Advice Recommended :
- Appoint an independent Financial Planner if the nature of proposed investment requires it.
- Engage iTax Consultants : Seek an objective review of taxation savings and cash flow analysis to determine affordability.
Our Classic Tips :
- Do not assume bona fides of someone who markets negative gearing and tries to be a one stop shop for the property or asset, finance and advisory. They may "have the property for you" but it may be an offload for them and derive large commissions on sale and brokerage. Its an investment decision so you should seek appropriate advice.
- Never acquire an asset solely for any perceived taxation advantage.
- Property development should not be undertaken without proper feasibility studies, professional legal and taxation advice. The taxation side may involve consideratuion of GST, income tax and capital gains tax issues. Amateurs beware as there are costly pitfalls.
- Income earning buildings, or improvements to existing ones may attract special write offs as well as depreciation allowances which will provide taxation savings. In some cases a quantity surveyor tax report may be required. Please contact our office for advice.
- Purchasing shares for speculative purposes may risk loss of franking credits.

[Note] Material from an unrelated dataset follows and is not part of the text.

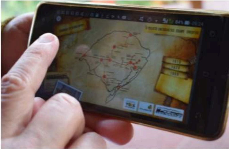
Interface principal do aplicativo do Museu do Trem disponibilizado para celulares – São Leopoldo/RS - Setembro de 2017

divulgação da iniciativa nos seus círculos de sociabilidade e agenciamento das imagens colecionadas. Assim, o totem, enquanto materialidade associada a uma prática de representação do grupo de trabalho, repercutiu para além do ambiente museológico, emergiu enquanto um documento referenciado pelos ferroviários em suas demandas coletivas pelas políticas de patrimonialização da memória ferroviária do Rio Grande do Sul.

Seek taxation advice regardless of structure.
- Rental to related persons should always be on commercial "arms length" terms as otherwise a loss may not be allowable or may require apportinoment.
- Borrowing costs may be allowable so keep details of cost of finance.
- Loan interest may not be fully allowable if a redraw taints a loan.
- Finance should be appropriately structured to allow for income tax and cash flow issues.
- Depreciation concessions provide options which may easily be overlooked especially where there are two or more owners.